Over the years, numerous prior arts and research-based advancements have received various methodologies, whose systems and strategies have been revealed for limiting the toxic gases emitted from oil refineries. The catalytic cracking methods of crude oils resulting in the separation of hydrocarbons and also techniques for desulfurization, and de-nitrification of crude oil have been previously studied by researchers. In various prior arts, conventional technologies were based on the hydro-cracking process of low-quality feed oil or crude oil. These processes undergo hydro-treatment reactions using several kinds of catalysts. The domestic hydro-cracking technology also received a large-scale industrial application. However, the hydro-cracking of a wide range of crude materials yields fuels of superior quality and other synthetic chemical crude materials. The hydro-cracking process and innovation became increasingly more thoughtful regarding the world's eminent crude oil owners and industries. Subsequently, many prior arts disclose the hydro-treating catalyst in the presence of hydrogen, kerosene, and gas oil. Some of the prior arts describe processes that involve the hydro-refining of any of the oil mixture of kerosene and gas oil and further purification done by hydrogenation using the same hydro-treating catalyst. In the early 1940s, another technique came under the knowledge which incorporated the alkylation process by using various catalysts to refine petrochemical feedstock to increase gasoline yields and to improve fuel characteristics.
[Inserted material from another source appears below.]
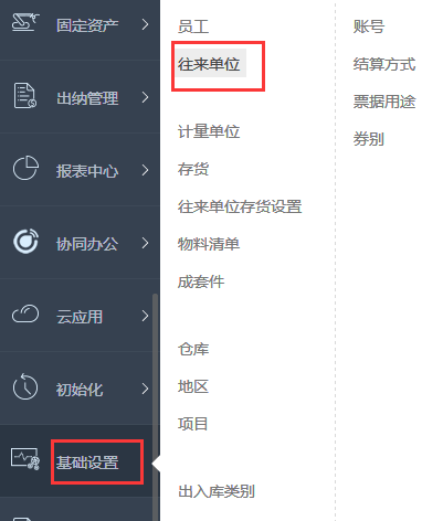 2.左下角点击基础设置--往来单位;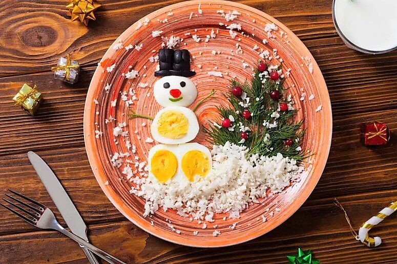 Быстрый новогодний завтрак из яиц, который выглядит великолепно и имеет прекрасный вкус. Снеговик из сваренных вкрутую яиц быстро готовится и порадует как детей, так и взрослых. Ингредиенты ниже, в комментариях. Время приготовления: 15 мин. Пошаговый рецепт: Новогодний завтрак в виде снеговика: ШАГ 1: Разрежьте 2 яйца. Выложите снеговика из нарезанных яиц на тарелке. ШАГ 2: Достаньте желтки из оставшихся яиц. Яичный белок мелко натрите на терке. ШАГ 3: Выложите яичный белок на тарелку в виде снега. ШАГ 4: Из маслин вырежьте шапку снеговика. ШАГ 5: Рядом со снеговиком разложите укроп в форме елочки. ШАГ 6: Украсьте клюквой и подавайте в качестве новогоднего завтрака. Приятного аппетита и прекрасного настроения! Друзья, ставьте лайк👍 и подписывайтесь на канал😍, чтобы не пропустить новые рецепты!

In one of the closest prior art, US2006/0231462A1 which relates to a method and apparatus for improving crude oil using filtration media and pressure application for forcing the crude oil through the filter where cavitation is created. Specifically, it includes a pneumatic pressure source that transports crude into a separator. As the crude passes through the filtration media, it experiences cavitation effects. The cavitation effects impart mechanical and thermal energy that assists in breaking or cracking the hydrocarbons into more valuable lighter hydrocarbons. The cavitation is produced during a backflow of the crude oil through the filter, further forcing the crude oil through a series of filters. In one aspect, the invention transforms crude oil having an API gravity of 26 into crude oil having an API gravity of 35. The process entails improving crude oil filtration where successively the waste residuum is ejected from the crude oil. The system for improving crude oil using filtration media exerts a pressure differential between 150 and 300 psi depending on the viscosity of the fluid involved, which must be reduced.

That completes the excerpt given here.